THE PROBLEM –
Print nothing except the line holding "Originally designed in" and the lines that come after it in the material below, and leave the pictures out.
*** Begin section ***
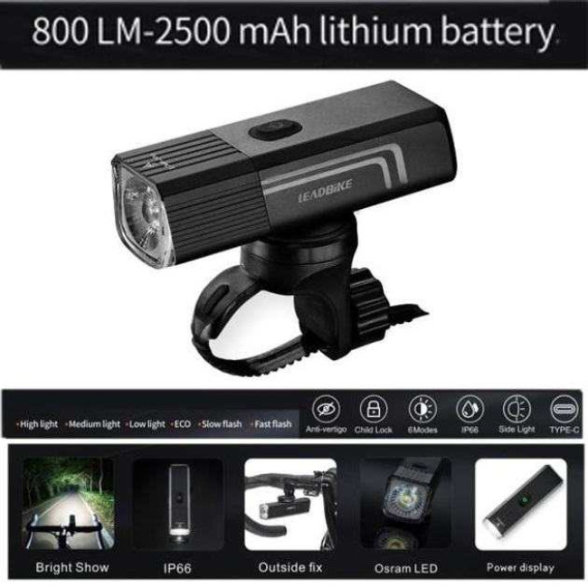 Велофара потужна LEADBIKE LD88-OSRAM 800LM, Довговічний велосипедний ліхтар, Лід фара на велосипед
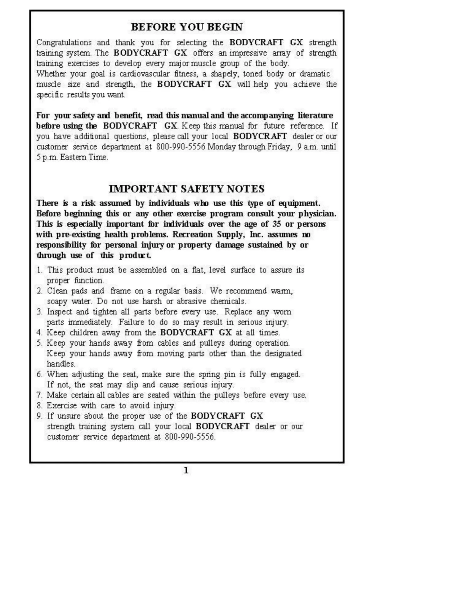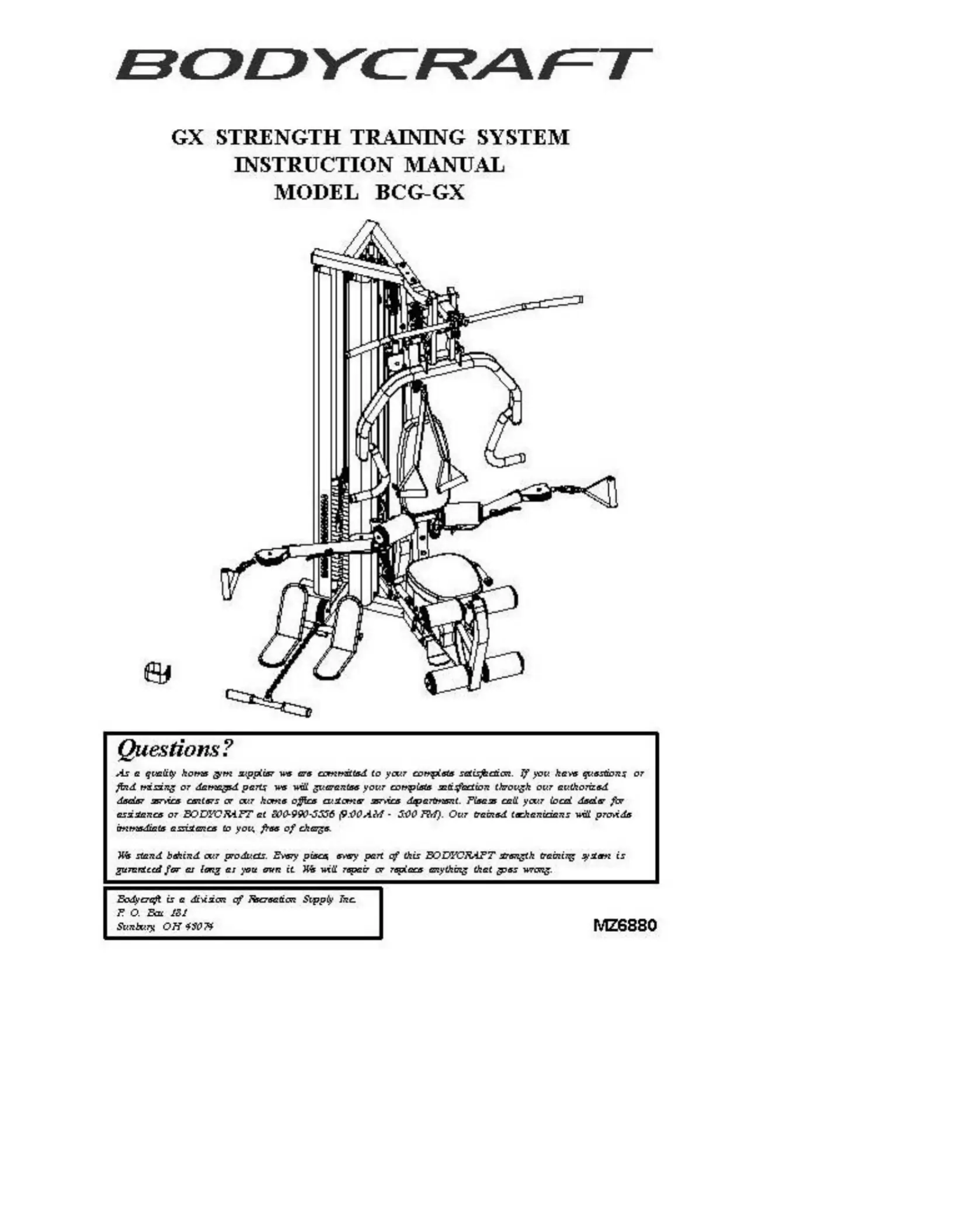 BodyCraft BCG--GX Manual
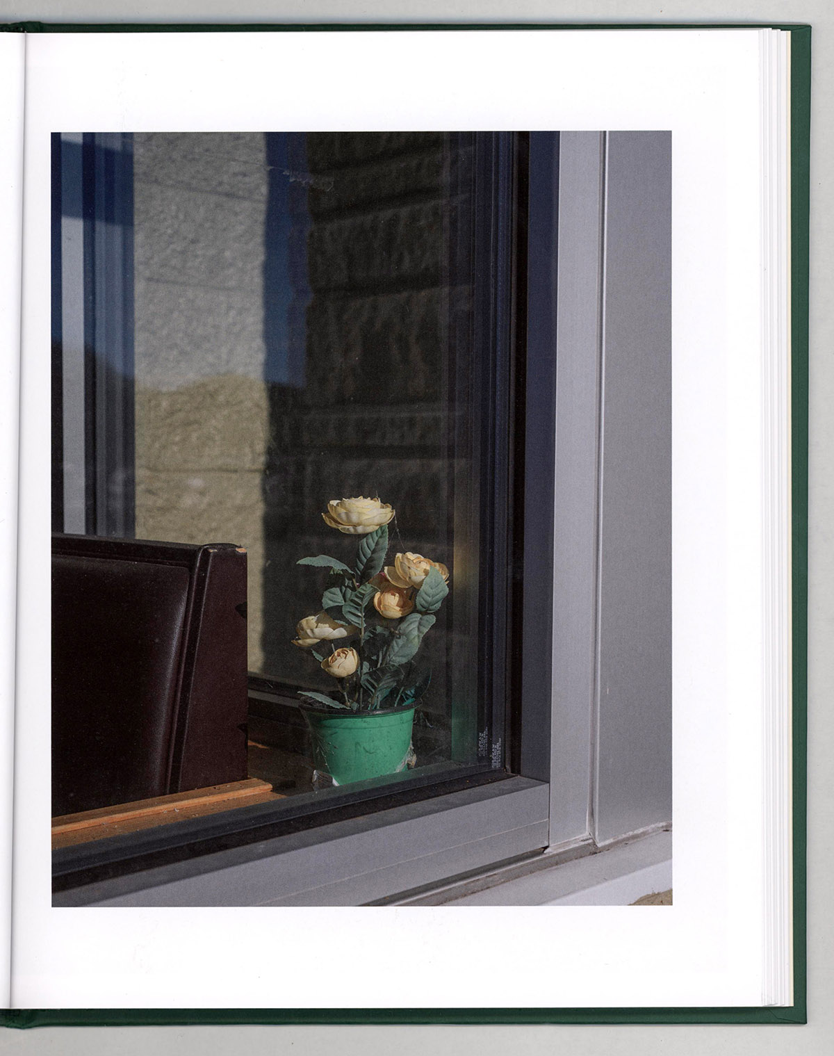 Still-life photographs assist the pacing. Window displays, such as artificial flowers visible through glass, and a blank frame with “HELP!” written on it mounted on a peeling wall function as visual punctuation marks. These images suggest private histories without fully revealing them, encouraging pauses within the sequence. At this point the viewer recognizes that the book constructs not only portraits of individuals but a broader social ecosystem shaped by the presence of Ohio University.
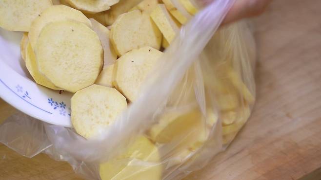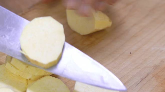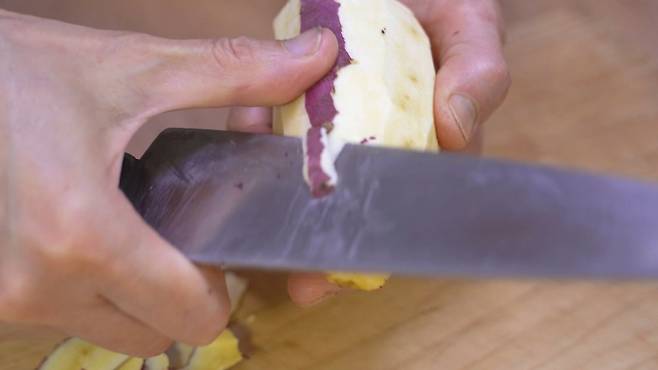먼저 고구마 껍질을 모두 제거하세요. 그리고 약간 도톰하게 단면을 썰어 준비하세요.
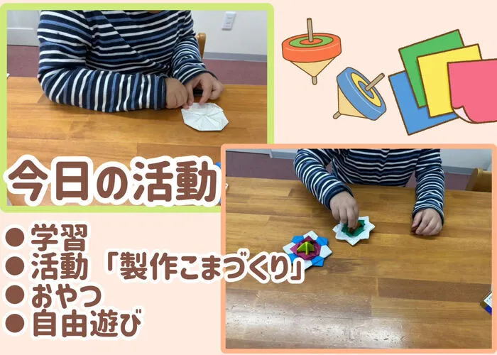 今日は微細運動で折り紙を使ってこまの製作を行いました!
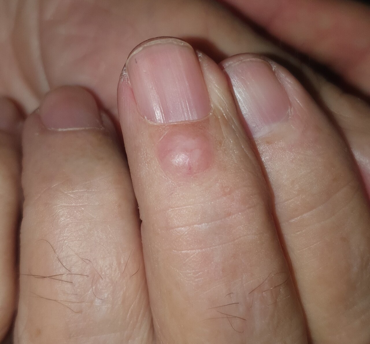 Cliniquement, il excède rarement les 20 mm de diamètre et peut prendre plusieurs formes : ombiliquée, bombée, voire plane dans certains cas. La surface de cette tuméfaction est généralement translucide du fait de l’amincissement de la peau à ce niveau. Le pseudokyste mucoïde est asymptomatique mais la tablette unguéale peut se déformer sous sa pression. Parfois, il peut se fistuliser et engendrer une infection secondaire.
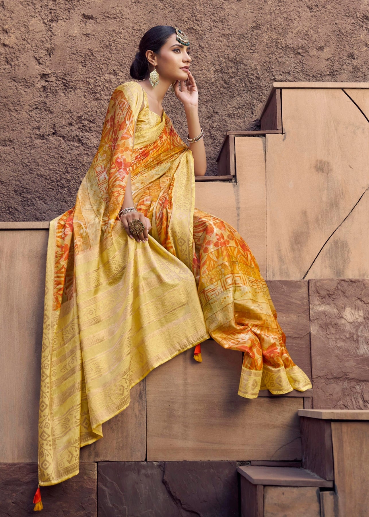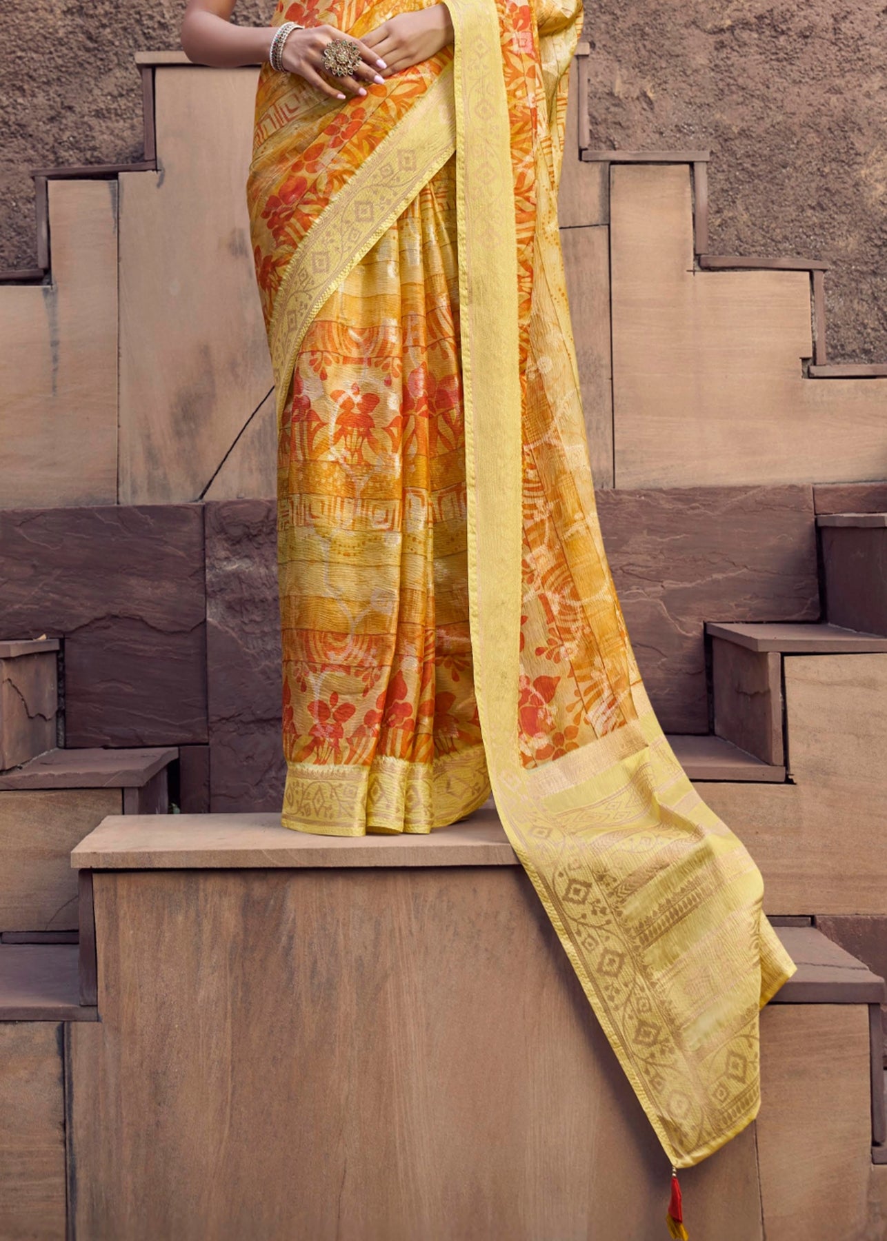 This radiant georgette saree features vibrant yellow and orange hues with traditional Bandhej work.It is embellished with rich moti, cut-dana, resham, sequins, pearls, zari, and zardosi detailing, making it ideal for weddings or festive occasions.
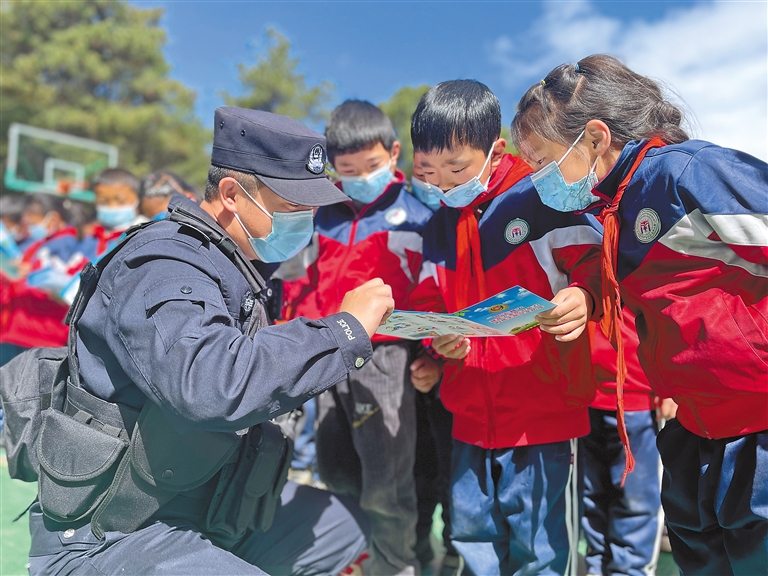 林芝邊境管理支隊南伊邊境派出所副所長趙軍為小學生開展安全宣傳,講解民族團結相關政策。記者 張猛 攝
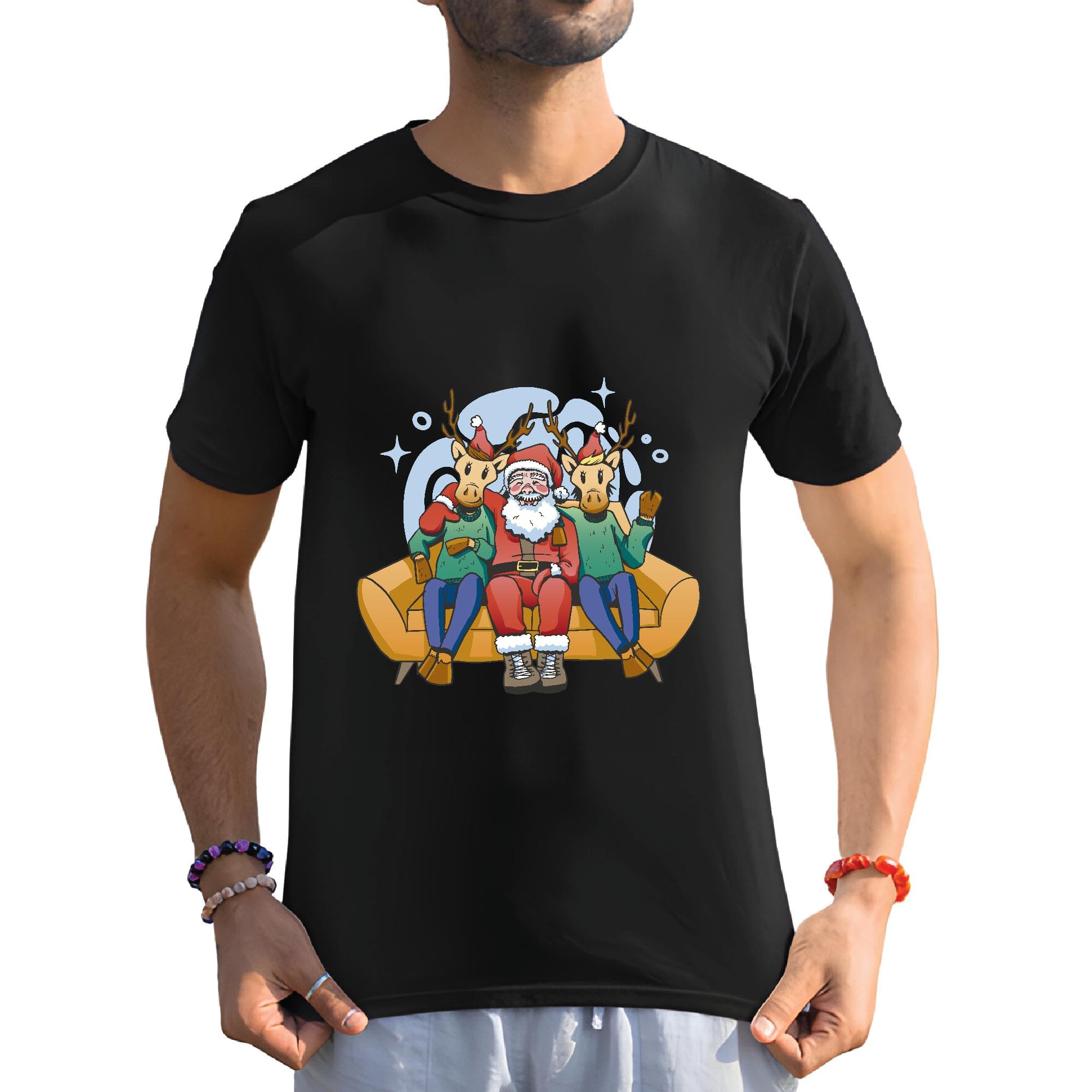 Santa Claus Funny Gift Illustration Style Reindeer Sofa Design for Kids and Adults Men Women Black Multicolor T shirt
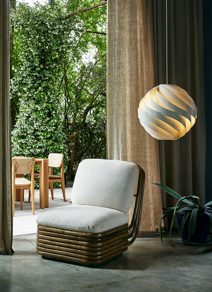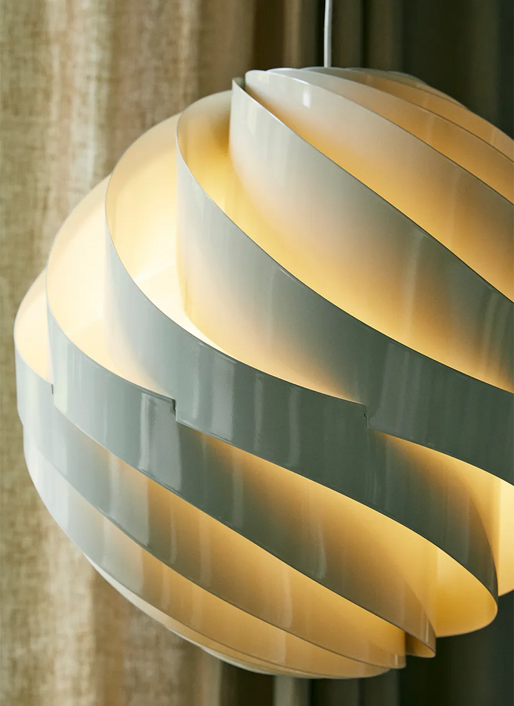 Originally designed in 1965 by Louis Weisdorf and first produced in 1967, the Turbo Pendant exemplifies sculptural simplicity and structural complexity in perfect harmony. Inspired by the lightness of Japanese rice paper, Weisdorf reinterpreted the form in durable aluminum, creating twelve spiral lamellae that unite into a flower-like globe. The result is a pendant that feels both airy and strong, casting an even, diffused light while celebrating the designer’s fascination with repeated geometric forms.
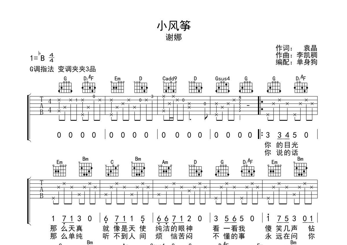 《小风筝》是谢娜演唱的一首歌曲,本吉他谱采用的是G调指法编配,这份吉他谱共有两张高清图谱,图谱由 @单身狗 编配上传,图谱使用六线谱编配,包含吉他和弦指法、简谱以及歌词部分,使用这份小风筝吉他谱,可以让你更加方便地掌握这首歌曲的弹唱技巧,快来尝试吧。谢娜《小风筝》吉他弹唱谱,采用G调指法编配,单身狗编配出品,共有2张高清图谱,免翻页排版设计。
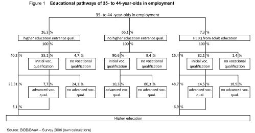 The analysis shows that initial vocational qualifications hold considerable appeal in comparison to university degrees, even for people with an HEEQ, and are quite frequently undertaken in addition. However, it also seems clear that many of them leave the intermediate qualification tier. The same is apparent for those who have acquired a second chance HEEQ, and in these cases the phenomenon would add to the bottleneck at skilled-worker level. When shaping transitions in the education system, politics and industry should focus greater attention on the training of skilled workers rather than almost exclusively on increasing graduate ratios.
*** End section ***
RESPONSE TO THIS TASK –
 Originally designed in 1965 by Louis Weisdorf and first produced in 1967, the Turbo Pendant exemplifies sculptural simplicity and structural complexity in perfect harmony. Inspired by the lightness of Japanese rice paper, Weisdorf reinterpreted the form in durable aluminum, creating twelve spiral lamellae that unite into a flower-like globe. The result is a pendant that feels both airy and strong, casting an even, diffused light while celebrating the designer’s fascination with repeated geometric forms.
 《小风筝》是谢娜演唱的一首歌曲,本吉他谱采用的是G调指法编配,这份吉他谱共有两张高清图谱,图谱由 @单身狗 编配上传,图谱使用六线谱编配,包含吉他和弦指法、简谱以及歌词部分,使用这份小风筝吉他谱,可以让你更加方便地掌握这首歌曲的弹唱技巧,快来尝试吧。谢娜《小风筝》吉他弹唱谱,采用G调指法编配,单身狗编配出品,共有2张高清图谱,免翻页排版设计。
 The analysis shows that initial vocational qualifications hold considerable appeal in comparison to university degrees, even for people with an HEEQ, and are quite frequently undertaken in addition. However, it also seems clear that many of them leave the intermediate qualification tier. The same is apparent for those who have acquired a second chance HEEQ, and in these cases the phenomenon would add to the bottleneck at skilled-worker level. When shaping transitions in the education system, politics and industry should focus greater attention on the training of skilled workers rather than almost exclusively on increasing graduate ratios.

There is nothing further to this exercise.